His three decades of experience leading globally influential companies across the ag and food sectors provide insight into converging forces that will fundamentally transform global agricultural systems.
“The projections are by 2030 about half the world is going to be middle class or wealthy and the other half is still going to be poor,” he said in an interview.
“What we believe is going to happen is a bifurcation in the food supply. There’ll be those that just want more calories. But increasingly in what we’re seeing in this country is it’s not about how many calories can you produce. It’s how can you produce my calories?”
Consumers are interested in sustainability, transparency and local sources, he said.
“It’s not a fad. It is a shift, we believe. And so we said, ‘OK, if we believe that to be true, what do we want to do?’ And we said, ‘Well, let’s invest in technologies that fulfill those needs that can make farmers more productive but satisfy the desires of consumers in a way that they want met.’”
A farmer himself
A fourth-generation farmer, Casale identifies ag tech investment opportunities that support sustainable food production. In 2018, he helped launch Ospraie Ag Science, which is the venture arm of Ospraie Management. In this role, he leads successful venture campaigns for select companies that help farmers do more with less environmental impact.

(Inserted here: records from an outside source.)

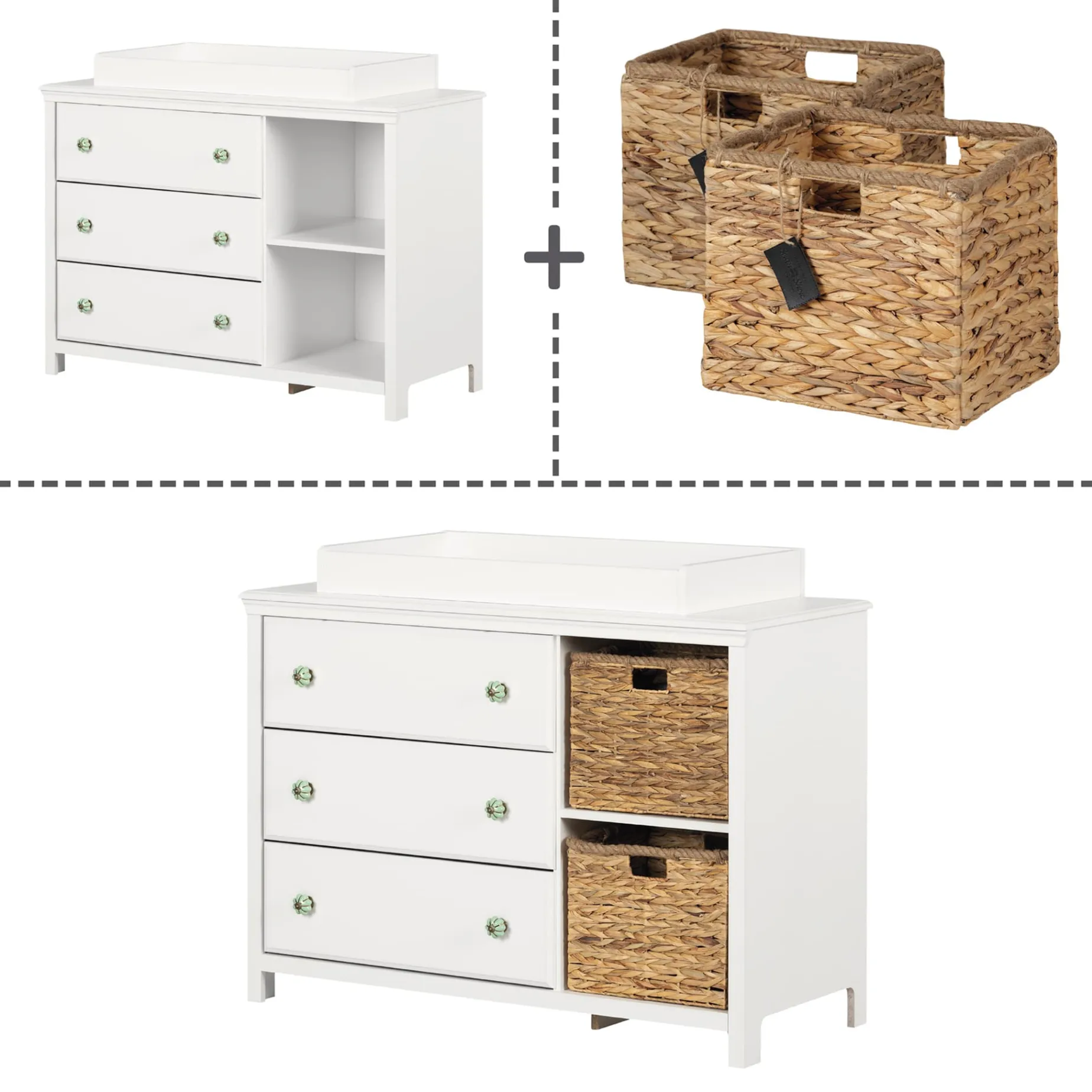 BOHEMIAN STYLE: The wicker baskets and colored handles on this piece call the hot trend of today – bohemian – directly to mind! This changing table will give your little one’s room a somewhat simple, eclectic look.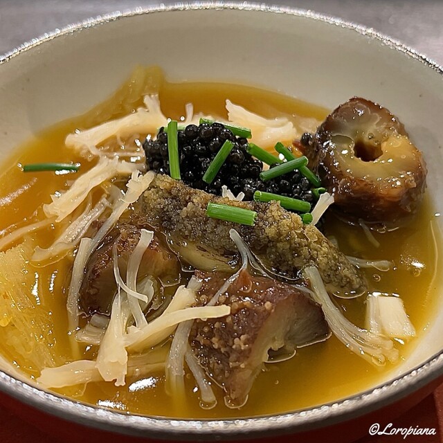 喜知次の鱗焼と大きな天然滑子のスーゴ仕立て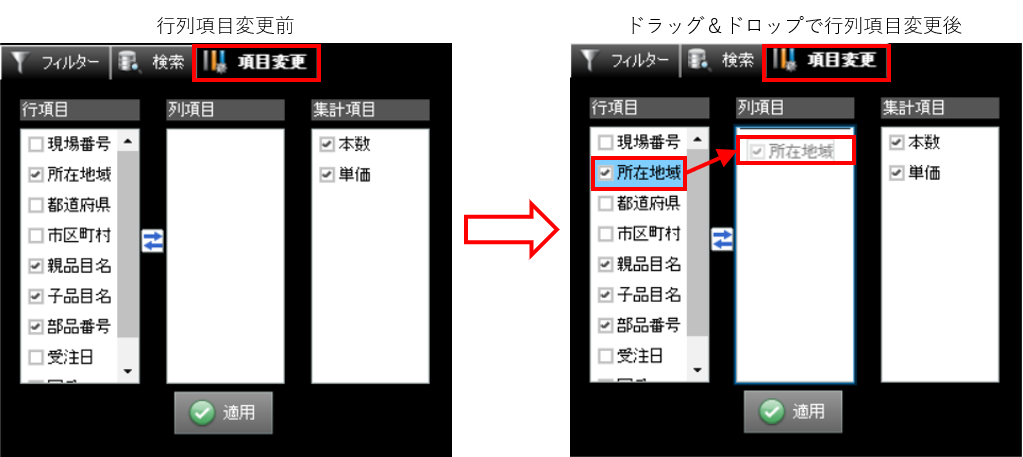 行項目の「所在地域」を、列項目にドラッグ&ドロップで入れ替えましょう。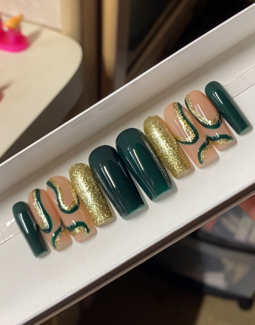 A set of 10 press on nails. Each order of a  press on nail set comes with instructions on how to apply the press on nails as well as an option to purchase a nail glue care pack, a sticky tab care pack, or none. I do have an option to purchase and upgraded nail care pack as well. (THIS IS HIGHLY RECOMMENDED) Nails are reusable with the proper care. CUSTOMIZATION IS ALWAYS POSSIBLE.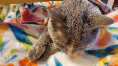 Tsuki was her normal goofy self, but she was definitely feeling the strange energies because she slept a lot this week. Granted, it's not like she never sleeps, but she's practically the Energizer bunny and keeps going and going and going, bouncing off the walls. She was also rather miffed because the remodelers came back, meaning she was confined against her will. Although, she was quite happy to snuggle up with me and a blanket and sleep.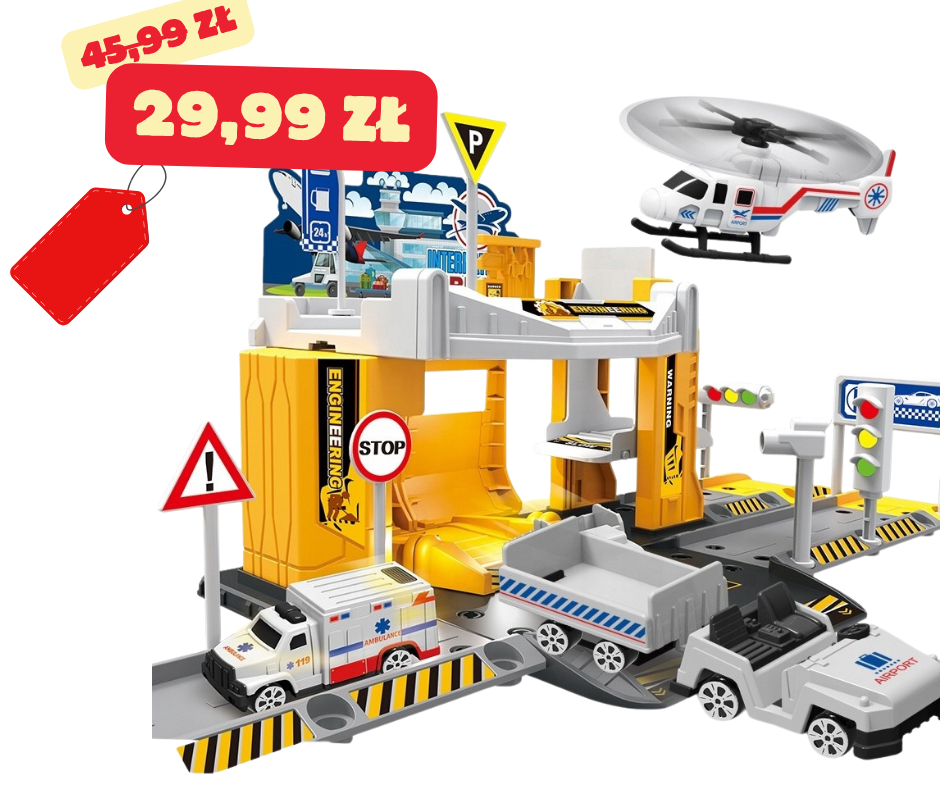 Mega Zestaw 4w1 – Garaż, Lotnisko, Parking i Tory! ✈️ Stwórz własny świat samochodów i pojazdów ratunkowych! Nie przegap!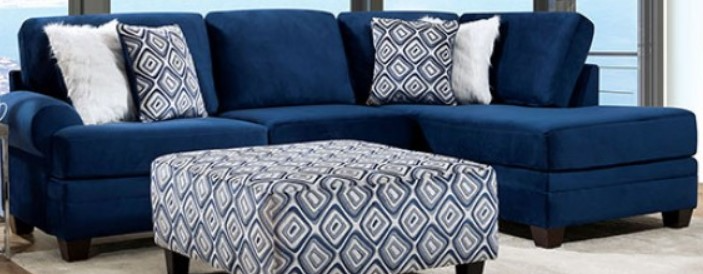 Introduce bold color and contemporary elements to your living room with this geometrically-inspired group. This mid-sized sectional offers relaxed rounded arms, super plush microfiber fabric, and artistic white and blue throw pillows to elevate the visual impact of your room along with the comfort it brings.Read More
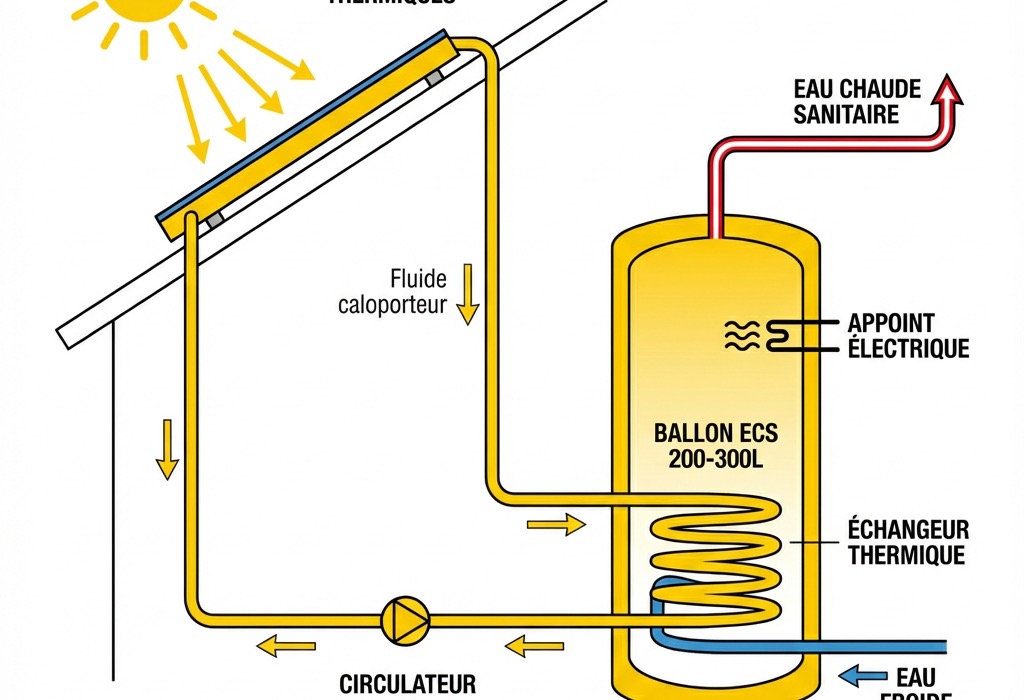 Le chauffe-eau solaire produit votre eau chaude gratuitement. Couvre 50-70% des besoins annuels.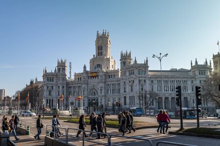 MADRID, SPAIN. JAN 2020: Tourists walking by crosswalk in front of Plaza de la Cibeles, Madrid.
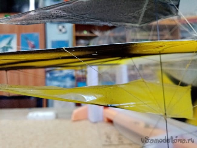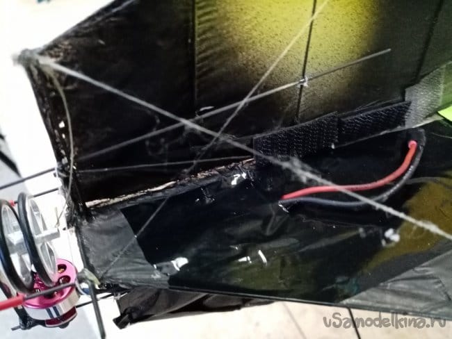 В размер установил новую мотораму из угольного прутка в 1 мм. Заклеил все на циакрин и провязал все соединения арамидной ниткой. При установке моторамы порвал в нескольких местах ультратонкую пленку. Но лететь очень хотелось, поэтому временно заклеил отверстия черным скотчем. После капитально отремонтирую. Добавил несколько усиливающих растяжек.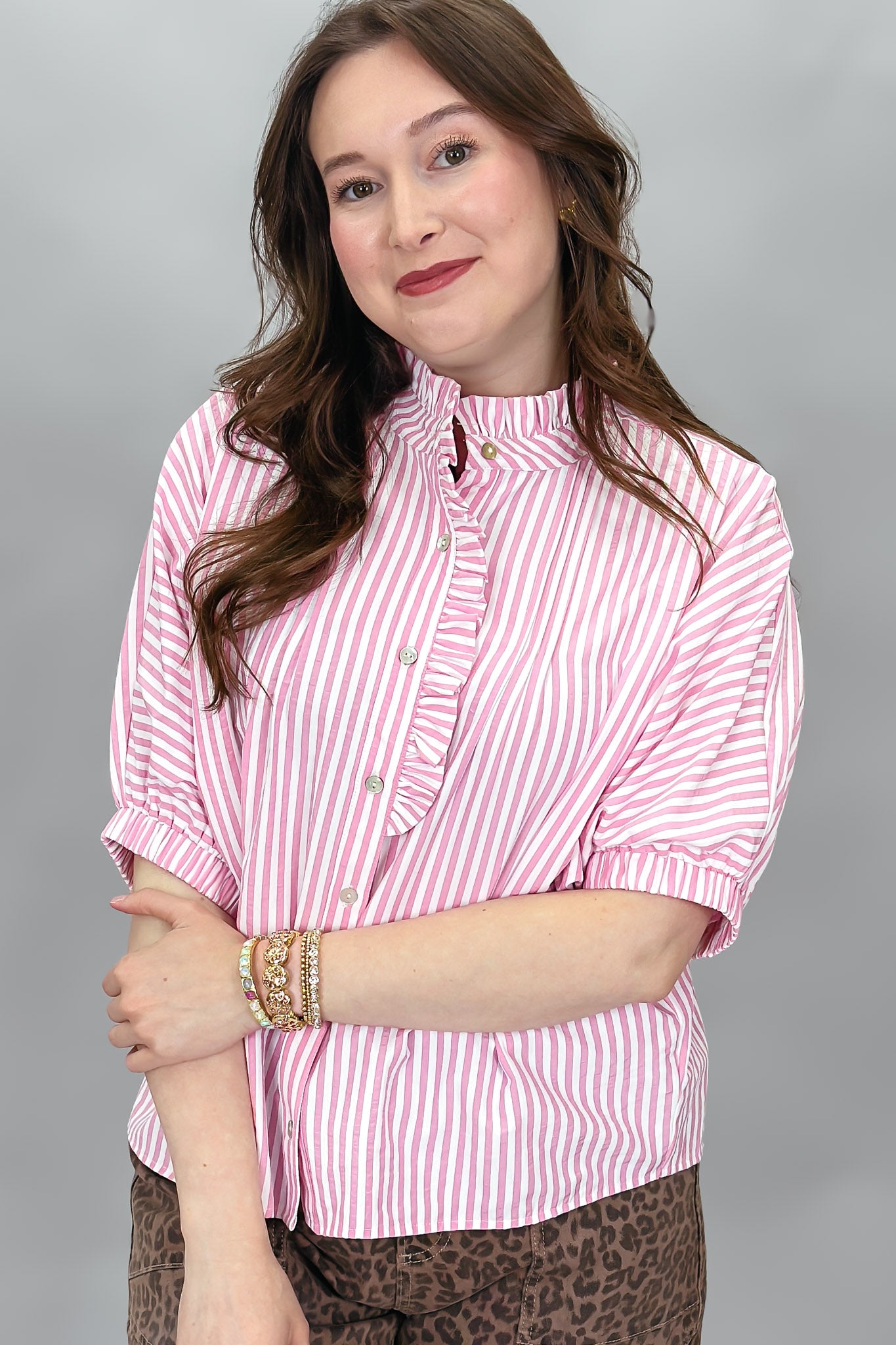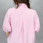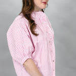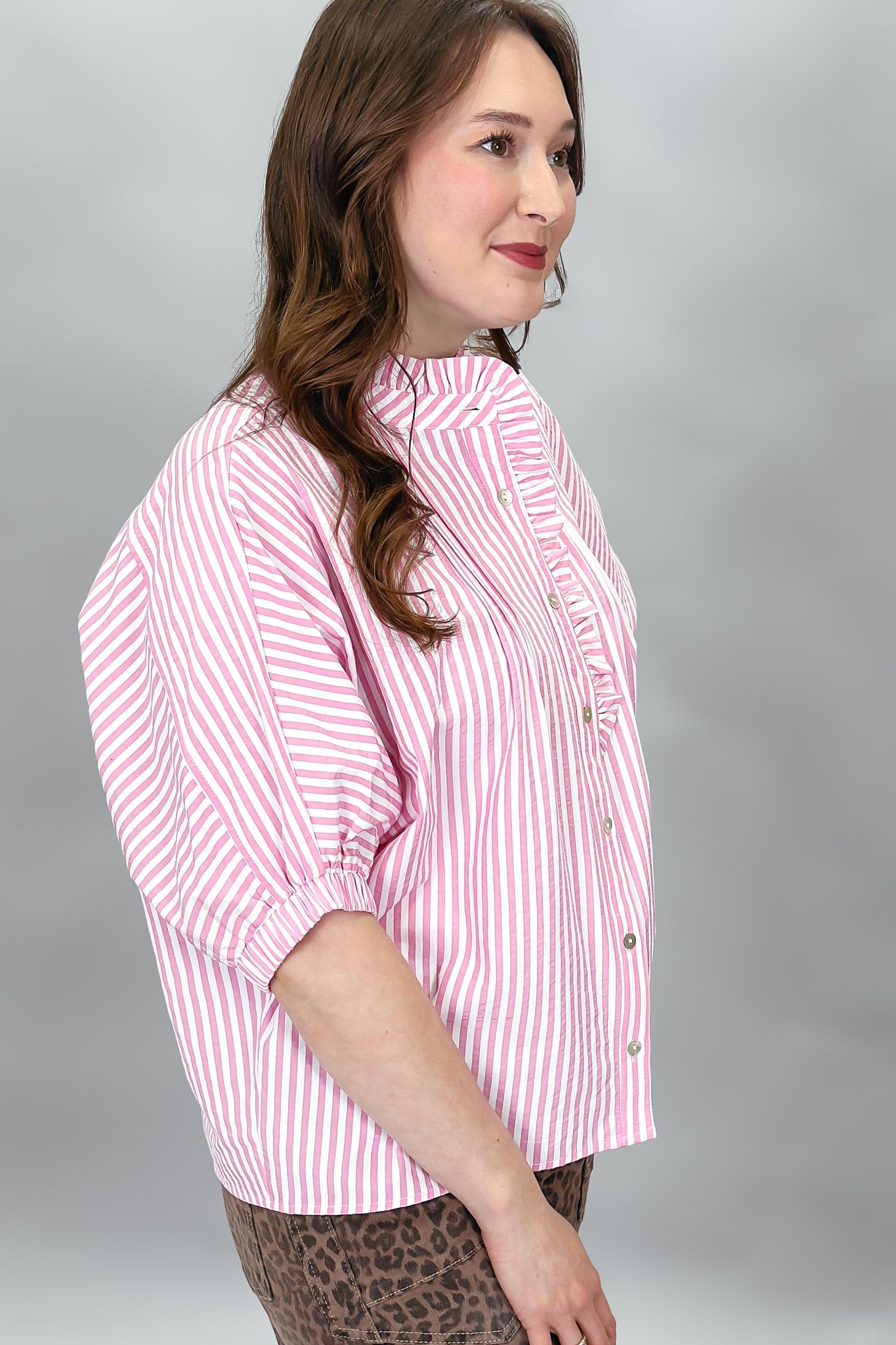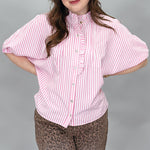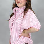 Pink striped dolman sleeve top with ruffle trim and button front.

In another role, in Casale’s seven years as the CEO and president of CHS Inc., the company returned $3 billion to its owners, invested $9 billion in new capital expenditures and nearly doubled the size of its balance sheet from $8.7 billion in 2010 to $17.3 billion at the end of fiscal 2016. CHS Inc. is a global agribusiness owned by farmers, ranchers and cooperatives across the United States.
Casale said he focused on prudent fiscal management and enhancing management systems at the company. During his tenure, CHS was the only major firm in the industry to manage through the recent economic decline without a planned reduction in workforce, instead relying on strategic cost reductions. Casale reduced working capital by $400 million to help fund a $2.8 billion transformational investment in CF Nitrogen—without taking on an undesirable debt level. The result was an 80-year agreement and a significant new profit source for the co-op’s farmer-owners.
His Monsanto days
At Monsanto Co., Casale rose through the ranks from sales representative to running the company’s largest division at age 36. As executive vice president of strategy and operations, he conceptualized the industry’s first eight-gene agricultural biotech product, “SmartStax,” which became the nation’s No. 1 insect protection trait in corn. As CFO, he reduced several hundred million dollars in operating costs by shifting the reliance on revenue to the strategic use of cash to generate earnings.
From Congress to key industry events, Casale is a sought-after commentator on the future of farming and global ag infrastructure. He remains deeply committed to “creating business models that ensure relevance over time” and continues to shape the ag, food and energy industries in both private and public roles.
Casale and his wife, Kim, operate a 150-acre specialty crop farm in Oregon’s Willamette Valley, and his family resides in Minnesota’s Twin Cities.